- **Task to carry out**
Please write out the full listing beneath this line exactly, skipping its images.

- **Exercise data**
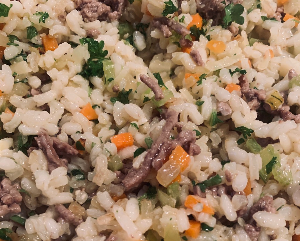 Hyvä tapa aiemmin kuvaamani arancini-riisipallojen lisäksi risotonjämien hyötykäyttöön on tehdä niistä lihapasteija, tai pasteijan tyyppinen piirakka. Jos tekee neljän hengen risoton kahdelle henkilölle, lopuista saa hyvin yhden pellillisen lihapasteijaa.
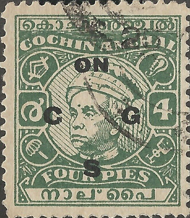 Type: stamp Issuer: Cochin Date: 1948 Denom: ?
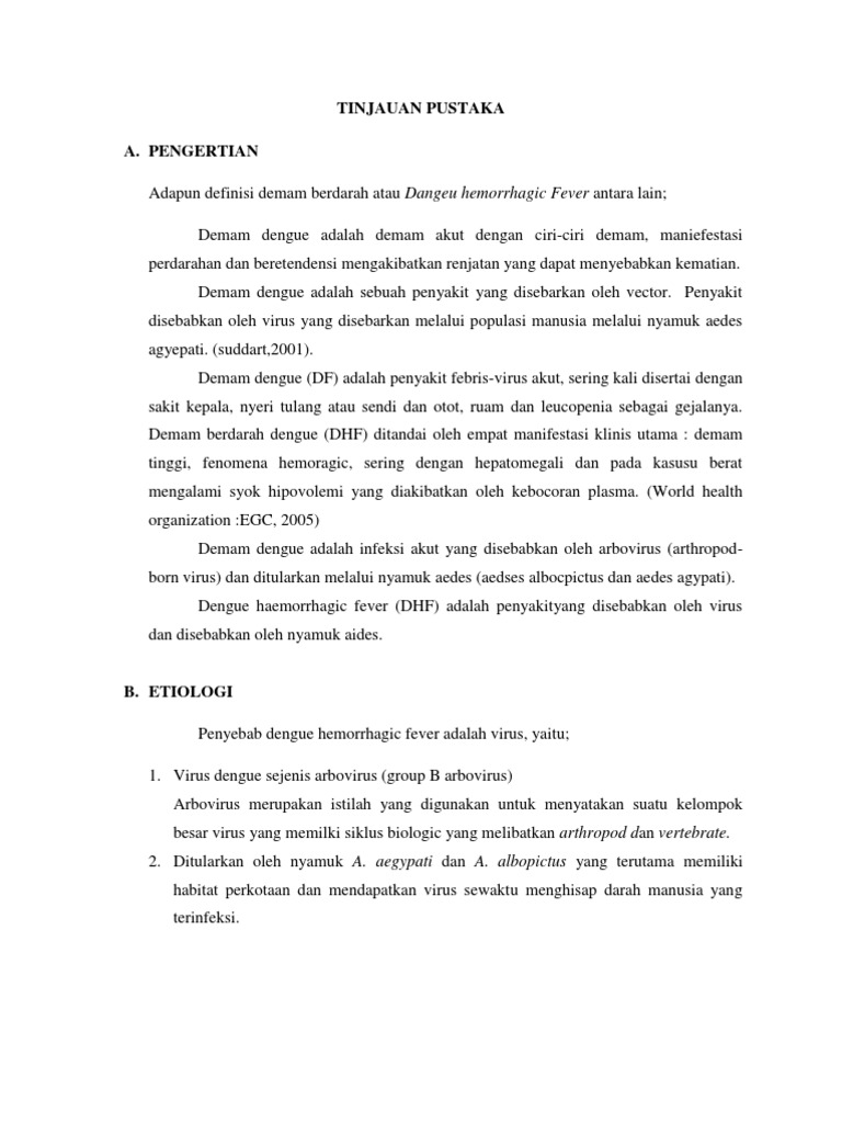 PENGERTIAN Adapun definisi demam berdarah atau Dangeu hemorrhagic Fever antara lain; Demam dengue adalah demam akut dengan ciri-ciri demam, maniefestasi perdarahan dan beretendensi mengakibatkan renjatan yang dapat menyebabkan kematian. Demam dengue adalah sebuah penyakit yang disebarkan oleh vector. Penyakit disebabkan oleh virus yang disebarkan melalui populasi manusia melalui nyamuk aedes agyepati. (suddart,2001). Demam dengue (DF) adalah penyakit febris-virus akut, sering kali disertai dengan sakit kepala, nyeri tulang atau sendi dan otot, ruam dan leucopenia sebagai gejalanya. Demam berdarah dengue (DHF) ditandai oleh empat manifestasi klinis utama : demam tinggi, fenomena hemoragic, sering dengan hepatomegali dan pada kasusu berat mengalami syok hipovolemi yang diakibatkan oleh kebocoran plasma. (World health organization :EGC, 2005) Demam dengue adalah infeksi akut yang disebabkan oleh arbovirus (arthropodborn virus) dan ditularkan melalui nyamuk aedes (aedses albocpictus dan aedes agypati). Dengue haemorrhagic fever (DHF) adalah penyakityang disebabkan oleh virus dan disebabkan oleh nyamuk aides.
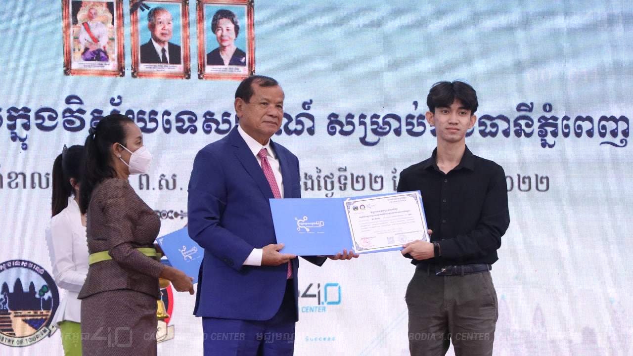 នាព្រឹកថ្ងៃទី២២ ខែសីហា ឆ្នាំ២០២២ ឯកឧត្តម ហ៊ុន ម៉ានី ប្រធានគណៈកម្មការអប់រំ យុវជន កីឡា ធម្មការ កិច្ចការសាសនា វប្បធម៌ និងទេសចរណ៍ នៃរដ្ឋសភា, ជាប្រធានសហភាពសហព័ន្ធយុវជនកម្ពុជា និង ជាប្រធានក្រុមប្រឹក្សាភិបាលនៃមជ្ឈមណ្ឌលកម្ពុជា ៤.០ និង ឯកឧត្តម ថោង ខុន រដ្ឋមន្ត្រីក្រសួងទេសចរណ៍ និងជាប្រធានក្រុមការងាររាជរដ្ឋាភិបាល និងឯកជន ដើម្បីស្តារ និងលើកស្ទួយវិស័យទេសចរណ៍កម្ពុជា ក្នុង និងក្រោយវិបត្តិជំងឺកូវីដ-១៩ អញ្ជើញជាគណៈអធិបតីក្នុង «ពិធីបើកវគ្គបណ្តុះបណ្តាលអក្ខរកម្មឌីជីថលក្នុងវិស័យទេសចរណ៍ សម្រាប់រាជធានីភ្នំពេញ និងខេត្តសៀមរាប» ដោយមានអ្នកចូលរួមពីក្រសួងស្ថាប័នពាក់ព័ន្ធ ដៃគូអភិវឌ្ឍក្នុងស្រុក និងបរទេស តំណាងវិស័យឯកជន ព្រមទាំងសិក្ខាកាម សរុបប្រមាណ ៣០០ នាក់ តាមការចូលរួមផ្ទាល់ និងពីចម្ងាយ ក្នុងនោះ មានសិក្ខាកាមតំណាង៦២រូបបានទទួលវិញ្ញាបនបត្រស្តីពីការសិក្សាអក្ខរកម្មឌីជីថលក្នុងវិស័យទេសចរណ៍។

- **Response to this task**
 Hyvä tapa aiemmin kuvaamani arancini-riisipallojen lisäksi risotonjämien hyötykäyttöön on tehdä niistä lihapasteija, tai pasteijan tyyppinen piirakka. Jos tekee neljän hengen risoton kahdelle henkilölle, lopuista saa hyvin yhden pellillisen lihapasteijaa.
 Type: stamp Issuer: Cochin Date: 1948 Denom: ?
 PENGERTIAN Adapun definisi demam berdarah atau Dangeu hemorrhagic Fever antara lain; Demam dengue adalah demam akut dengan ciri-ciri demam, maniefestasi perdarahan dan beretendensi mengakibatkan renjatan yang dapat menyebabkan kematian. Demam dengue adalah sebuah penyakit yang disebarkan oleh vector. Penyakit disebabkan oleh virus yang disebarkan melalui populasi manusia melalui nyamuk aedes agyepati. (suddart,2001). Demam dengue (DF) adalah penyakit febris-virus akut, sering kali disertai dengan sakit kepala, nyeri tulang atau sendi dan otot, ruam dan leucopenia sebagai gejalanya. Demam berdarah dengue (DHF) ditandai oleh empat manifestasi klinis utama : demam tinggi, fenomena hemoragic, sering dengan hepatomegali dan pada kasusu berat mengalami syok hipovolemi yang diakibatkan oleh kebocoran plasma. (World health organization :EGC, 2005) Demam dengue adalah infeksi akut yang disebabkan oleh arbovirus (arthropodborn virus) dan ditularkan melalui nyamuk aedes (aedses albocpictus dan aedes agypati). Dengue haemorrhagic fever (DHF) adalah penyakityang disebabkan oleh virus dan disebabkan oleh nyamuk aides.
 នាព្រឹកថ្ងៃទី២២ ខែសីហា ឆ្នាំ២០២២ ឯកឧត្តម ហ៊ុន ម៉ានី ប្រធានគណៈកម្មការអប់រំ យុវជន កីឡា ធម្មការ កិច្ចការសាសនា វប្បធម៌ និងទេសចរណ៍ នៃរដ្ឋសភា, ជាប្រធានសហភាពសហព័ន្ធយុវជនកម្ពុជា និង ជាប្រធានក្រុមប្រឹក្សាភិបាលនៃមជ្ឈមណ្ឌលកម្ពុជា ៤.០ និង ឯកឧត្តម ថោង ខុន រដ្ឋមន្ត្រីក្រសួងទេសចរណ៍ និងជាប្រធានក្រុមការងាររាជរដ្ឋាភិបាល និងឯកជន ដើម្បីស្តារ និងលើកស្ទួយវិស័យទេសចរណ៍កម្ពុជា ក្នុង និងក្រោយវិបត្តិជំងឺកូវីដ-១៩ អញ្ជើញជាគណៈអធិបតីក្នុង «ពិធីបើកវគ្គបណ្តុះបណ្តាលអក្ខរកម្មឌីជីថលក្នុងវិស័យទេសចរណ៍ សម្រាប់រាជធានីភ្នំពេញ និងខេត្តសៀមរាប» ដោយមានអ្នកចូលរួមពីក្រសួងស្ថាប័នពាក់ព័ន្ធ ដៃគូអភិវឌ្ឍក្នុងស្រុក និងបរទេស តំណាងវិស័យឯកជន ព្រមទាំងសិក្ខាកាម សរុបប្រមាណ ៣០០ នាក់ តាមការចូលរួមផ្ទាល់ និងពីចម្ងាយ ក្នុងនោះ មានសិក្ខាកាមតំណាង៦២រូបបានទទួលវិញ្ញាបនបត្រស្តីពីការសិក្សាអក្ខរកម្មឌីជីថលក្នុងវិស័យទេសចរណ៍។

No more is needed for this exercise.